The acceptance period for the Offer is expected to commence on
or around 13 June 2019 and expire on
or around 4 July 2019, subject to any
extensions.
Completion of the Offer is conditional upon, inter alia,
that the Offer is accepted to such an extent that Amgen becomes the
owner of shares representing more than 90 per cent of the
outstanding shares in Nuevolution (on a fully diluted basis), as
well as receipt of all necessary regulatory, governmental or
similar clearances, approvals and decisions, including from
competition authorities, in each case on terms acceptable to Amgen.

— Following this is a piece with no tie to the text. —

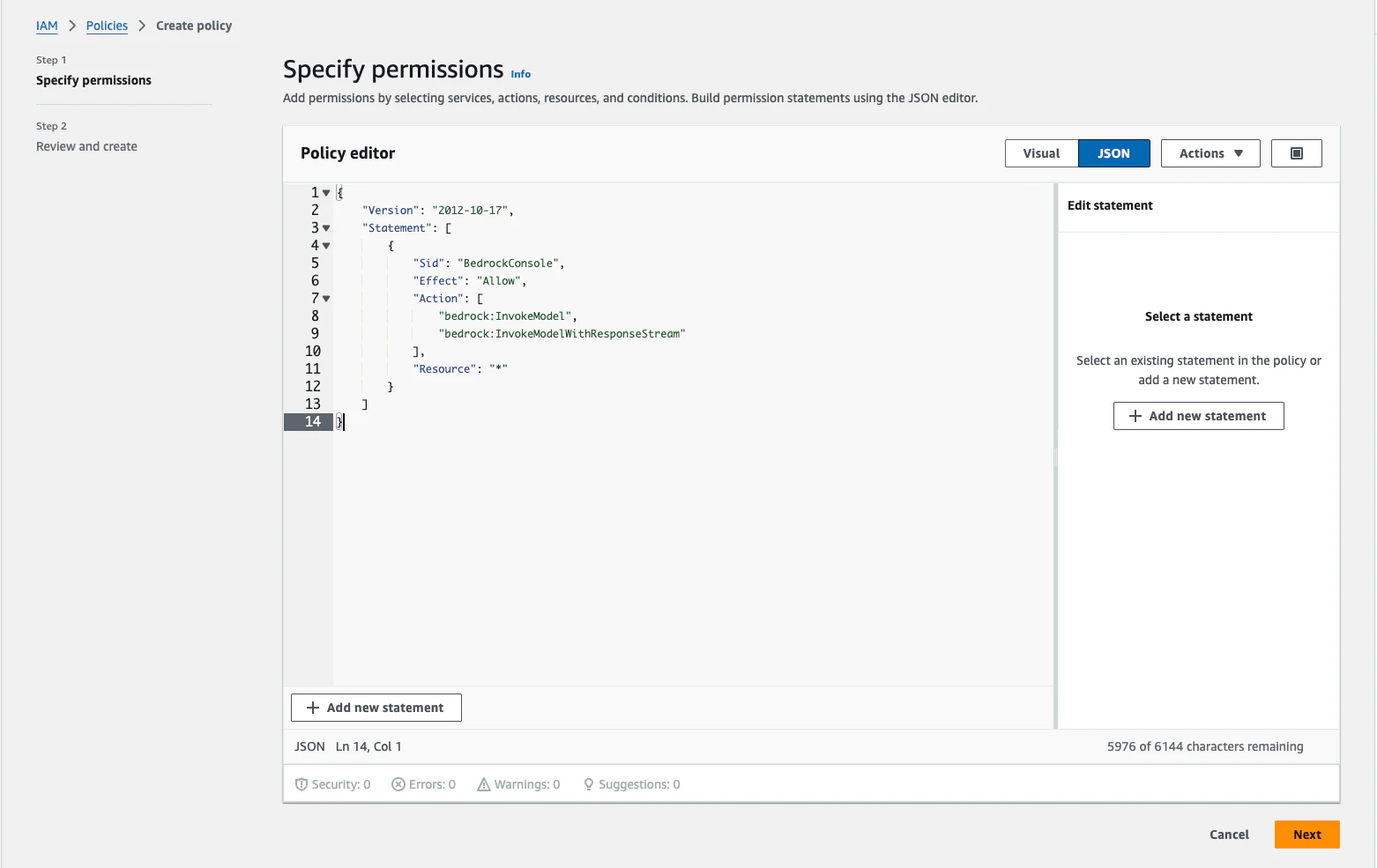 This role you create will be used by Porktey to execute InvokeModel commands on Bedrock models in your AWS account. The setup process will establish a minimal-permission (βleast privilegeβ) role and set it up to allow Porktey to assume this role.Create a permission policy in your AWS account using the following JSON

Amgen has reserved the right to waive the conditions for completion
of the Offer. The Offer is not conditional upon financing. For
further details about the Offer, please refer to Amgen's press
release that was made public today.
The Board of Directors of Nuevolution has, at the written
request of Amgen, permitted Amgen to carry out a limited due
diligence review of Nuevolution in connection with the preparation
of the Offer. Amgen has not received any inside information in
connection with this due diligence exercise.
The three largest shareholders in Nuevolution, representing in
aggregate 59 percent of the shares and votes in Nuevolution, have
undertaken to accept the Offer and tender all of their shares in
Nuevolution in the Offer, conditional only upon the Offer being
declared unconditional not later than 1
September 2019 and upon Amgen not committing any material
breach of applicable laws or regulations.
Advokatfirman Vinge is acting as legal adviser to Nuevolution in
connection with the Offer.
The Board of Directors' recommendation
In its evaluation of the Offer, the Board of Directors has taken
a number of factors into account which the Board of Directors deems
relevant. These factors include, but are not limited to, the
Company's present strategic and financial position and the
Company's expected potential future development and thereto related
opportunities and risks.
The Board of Directors notes that the Offer represents a premium
of 169 percent compared to the closing price of SEK 12.10 of the Company's share on Nasdaq
Stockholm on 21 May 2019, which was
the last trading day prior to the announcement of the Offer, a
premium of 69 percent compared to the highest trading price of
SEK 19.28 of the Company's shares on
Nasdaq Stockholm during the 52-week period up to and including
21 May 2019, and a premium of 166
percent compared to the volume-weighted average price of
SEK 12.20 of the Company's shares on
Nasdaq Stockholm during the 30 consecutive calendar days up to and
including 21 May 2019.
The Board of Directors further notes that the three largest
shareholders in Nuevolution, representing in aggregate 59 percent
of the shares and votes in the Company, have entered into
undertakings to accept the Offer, conditional only upon the Offer
being declared unconditional not later than 1 September 2019 and upon Amgen not committing
any material breach of applicable laws or regulations.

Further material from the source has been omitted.